There is a PyTorch API for this. Apparently it respects the stream assignments during the backwards pass, too. See https://github.com/pytorch/pytorch/pull/8354

One could imagine a simpler API: Create a module called Parallel that takes a list of of modules and runs them each on a separate stream, and synchronizes at the end. It would looks like this:

def __init__(self, x):
    ...
    self.branches = nn.Parallel(block1, block2)
    ...

def forward(self, x):
    x1, x2 = self.branches(x, x)
    x = torch.mm(x1, x2)
    return x

You could build large parallel branches by composing Parallel with Sequential.

I think this API might be simpler than using streams directly, because we usually don’t care which streams are actually used for different modules, we just want to indicate the parallelism in the model and have the framework exploit it automatically.

Anyway hope this helps somebody.

albanD · February 8, 2020, 2:18am

In practice, most of our kernels actually use the whole GPU and so kernels don’t run at the same time.
So we see benefits from using stream only in very niche case, and general users wouldn’t need it.
We only provide the API for advanced user that know that their workload is in this niche case and they want to slightly improve the performances.

andravin · February 10, 2020, 6:15am

Hi @albanD,

That’s not exactly how GPUs work. After a kernel issues all of its blocks, there is a “tail” of blocks that partially occupy the GPU. If there are just a few waves of blocks, then the tail can be a significant fraction of the total kernel execution time. Another kernel launched on a second stream could fill the device during the tail of the first kernel, increasing device utilization.

The issue for PyTorch would be that kernels that have a very short execution time will hit the limit of how fast you can launch kernels from the CPU (let alone from a python application).

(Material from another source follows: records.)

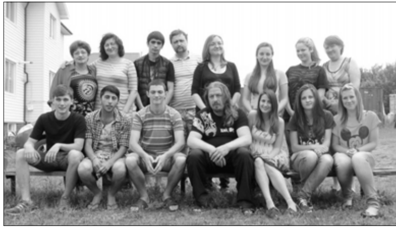
15 УЧАСТНИКОВ СЕМИНАРА ПО ПОДГОТОВКЕ ДНЕВНЫХ ЛАГЕРЕЙ

Именно поэтому с 3 по 6 июня в Петродолине проводился семинар по подготовке дневных лагерей для общин Церкви! В семинаре участвовало 13 человек из Украины и двое из Грузии. Совместными усилиями была разработана пятидневная программа лагеря на тему «Открой сердце Иисусу». Мы решили рассказать деткам о добром сердце Иисуса и учили, как быть похожими на него. Все участники семинара были разделены на группы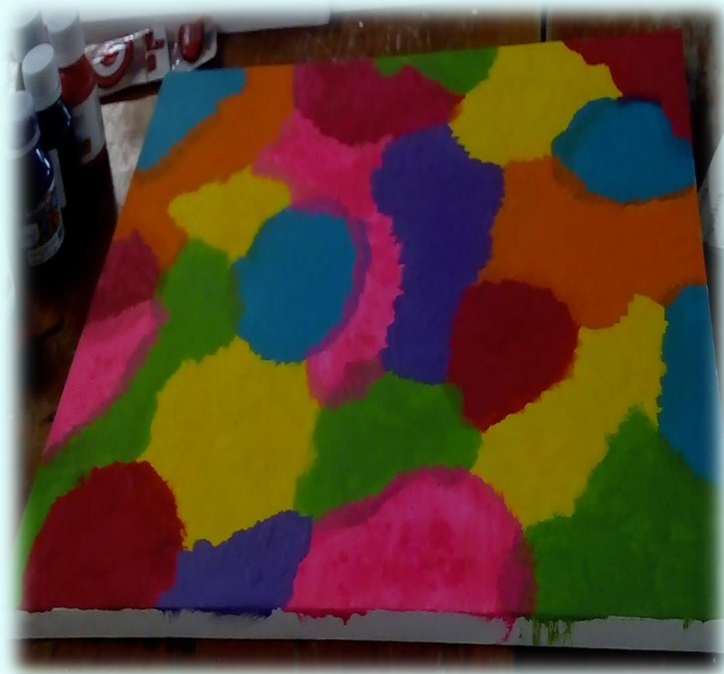
Ilustración 23. Composición tonal, cuadro de la alegría

Para el cuadro de la frustración, quise utilizar colores oscuros, puedo decir que a comparación del cuadro de la alegría, este me fue más fácil de realizar tanto en la preparación del color del fondo como al momento de utilizar la espuma, este color surgió a partir de la mezcla de azul con negro y cuando lo fui realizando me quedó gustando demasiado y de cierta forma me sentí identificada con ese color y por eso mismo lo quise plasmar en el cuadro, recorte la espuma en cuadros y la unte de acrílico morado y lo que hice fue dejar caer la espuma sobre el lienzo y levantarla con cuidado para que no quedara la espuma muy pintada en el cuadro esto lo hice con una espuma más pequeña y utilice el color gris. el proceso de este cuadro fue mucho más relajante que el de la alegría, la verdad pienso que el cuadro más estresante fue el de la alegría porque fue algo bastante incómodo para realizar ya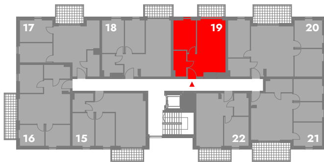
SCHEMATYCZNY RZUT 2 PIĘTRA

CUDA Graphs were introduced to move kernel launch to the device side, reducing launch overhead for short running kernels.

Apparently there is an effort underway to use CUDA Graphs in PyTorch,

github.com/pytorch/pytorch

Static Graphs using CUDA 10 Graphs API

opened 03:15AM - 30 Dec 18 UTC

closed 12:51AM - 11 Sep 21 UTC

fps7806

feature module: cuda triaged module: cuda graphs

## 🚀 Feature CUDA 10 released a new feature called CUDA Graphs which allows you… to build static graphs that can minimizes the overhead of launching multiple kernels. The API comes with functions that allow you to capture a stream (multiple streams are also supported) and transform it into a CUDA graph. Exposing this feature to pytorch can be very beneficial to many applications. ## Motivation When working with small kernels it is important to minimize any overhead without adding complexity. ## Pitch I propose something like: ``` g = CUDAGraph() with g.capture(): # Static computation that can be combined into 1 graph .... while True: g.execute() ``` ## Alternatives Currently Pytorch offers JIT, and C++ APIs that mitigate the overhead. The CUDA Graph approach is theoretically faster and IMHO more friendly to users. ## Additional context I have a small demo working where I run a small neural network 1000 times and here are the current benchmarks I have: ``` Pytorch c++ Front-end: 152.633ms Pytorch c++ with cuda graphs capture:136.692ms Pytorch Python: 354.79ms Pytorch Python + cuda graphs capture: 134.29ms ``` cc @ngimel

… but it seems to have hit a snag:

github.com/pytorch/pytorch

Some parts of PyTorch test suite don't work properly on non-default stream

opened 02:43PM - 10 Jun 19 UTC

closed 05:50PM - 11 May 20 UTC

ezyang

module: cuda module: tests triaged large

In @fbhuba PR https://github.com/pytorch/pytorch/pull/21474 we switch the stream… before running tests. But in this PR, a lot of tests failed and we had to disable the stream switching behavior for large portions of the test suite. There is probably something very important in PyTorch that is not stream safe, we need to figure it out. Currently known reasons why you might be on wrong stream: * Calling thrust functions (e.g., `thrust::tabulate`) without specifying a policy that puts things on the right stream * Backwards runs on default stream

Anyway, as these issues are very interesting to me, I would like to learn more about what the roadmap looks like for this kind of functionality in PyTorch.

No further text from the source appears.